The answer should hold only the lines from the one containing "60 m² - 1. podlaží" through the one containing "Figure Skating Dress" in the entries below, copied exactly, without pictures.

Working data:
>>>>
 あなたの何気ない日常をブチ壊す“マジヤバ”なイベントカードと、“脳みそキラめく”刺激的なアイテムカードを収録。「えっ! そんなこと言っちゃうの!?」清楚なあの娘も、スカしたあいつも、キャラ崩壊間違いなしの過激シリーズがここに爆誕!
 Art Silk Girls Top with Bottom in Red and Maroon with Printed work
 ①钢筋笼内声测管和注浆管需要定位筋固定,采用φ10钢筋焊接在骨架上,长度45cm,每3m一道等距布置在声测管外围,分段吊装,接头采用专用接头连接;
<<<<
>>>>
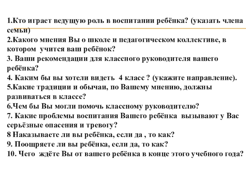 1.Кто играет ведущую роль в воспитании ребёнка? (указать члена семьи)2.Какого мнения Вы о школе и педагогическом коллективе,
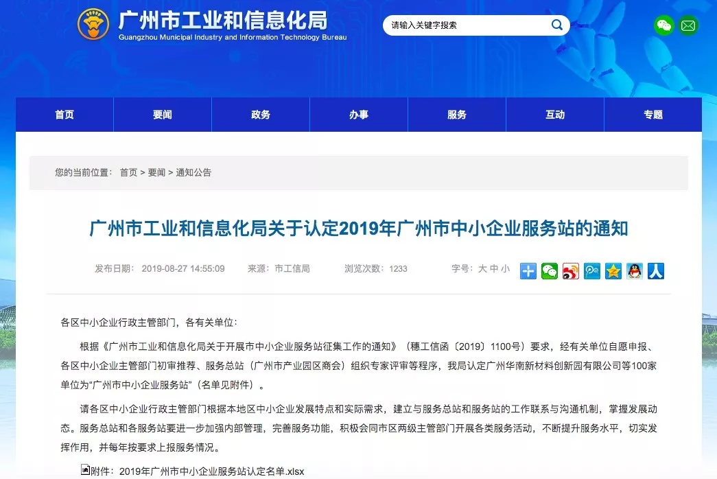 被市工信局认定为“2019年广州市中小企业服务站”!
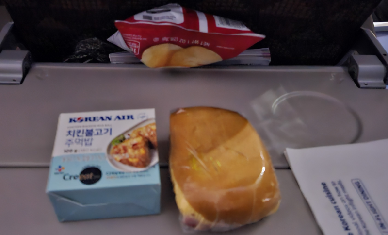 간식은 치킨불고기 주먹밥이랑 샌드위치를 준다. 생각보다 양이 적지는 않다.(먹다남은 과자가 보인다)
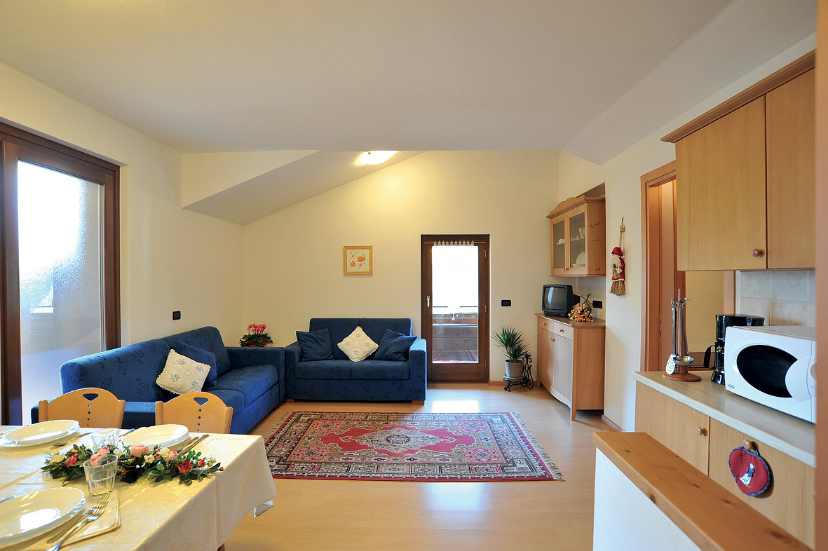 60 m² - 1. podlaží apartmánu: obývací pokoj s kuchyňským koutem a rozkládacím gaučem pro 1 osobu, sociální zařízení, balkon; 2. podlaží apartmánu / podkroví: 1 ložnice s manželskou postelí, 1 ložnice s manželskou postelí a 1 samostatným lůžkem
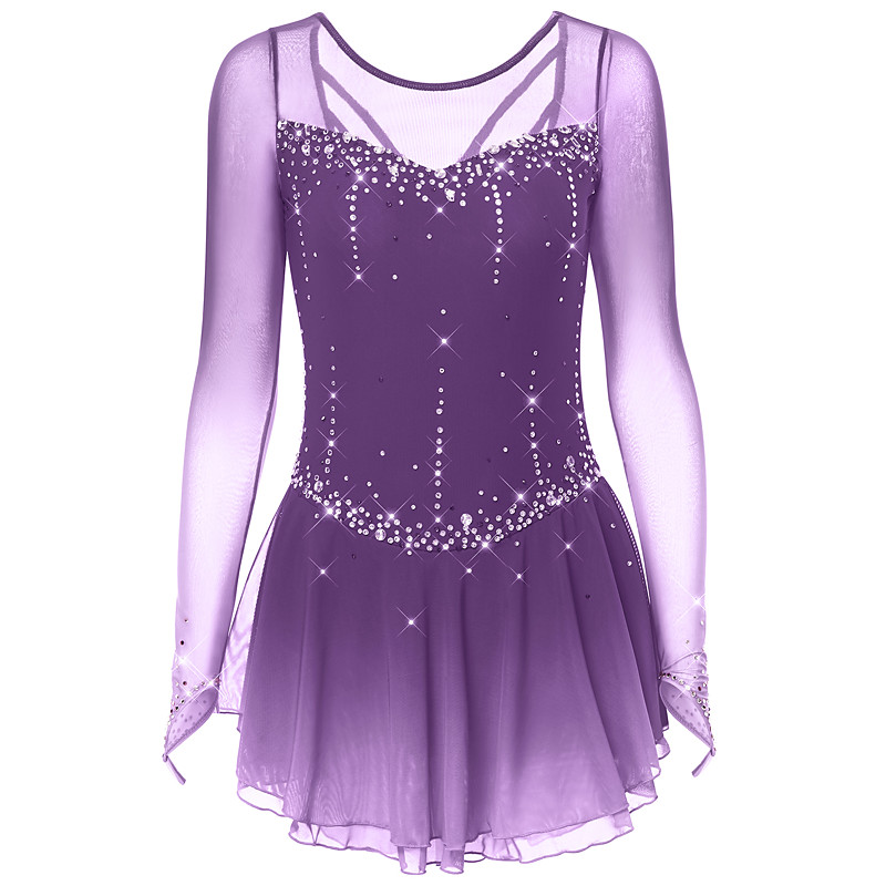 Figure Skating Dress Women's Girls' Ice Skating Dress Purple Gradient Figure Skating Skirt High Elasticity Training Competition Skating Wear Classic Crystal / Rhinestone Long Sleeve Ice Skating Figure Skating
<<<<
Task answer:
 60 m² - 1. podlaží apartmánu: obývací pokoj s kuchyňským koutem a rozkládacím gaučem pro 1 osobu, sociální zařízení, balkon; 2. podlaží apartmánu / podkroví: 1 ložnice s manželskou postelí, 1 ložnice s manželskou postelí a 1 samostatným lůžkem
 Figure Skating Dress Women's Girls' Ice Skating Dress Purple Gradient Figure Skating Skirt High Elasticity Training Competition Skating Wear Classic Crystal / Rhinestone Long Sleeve Ice Skating Figure Skating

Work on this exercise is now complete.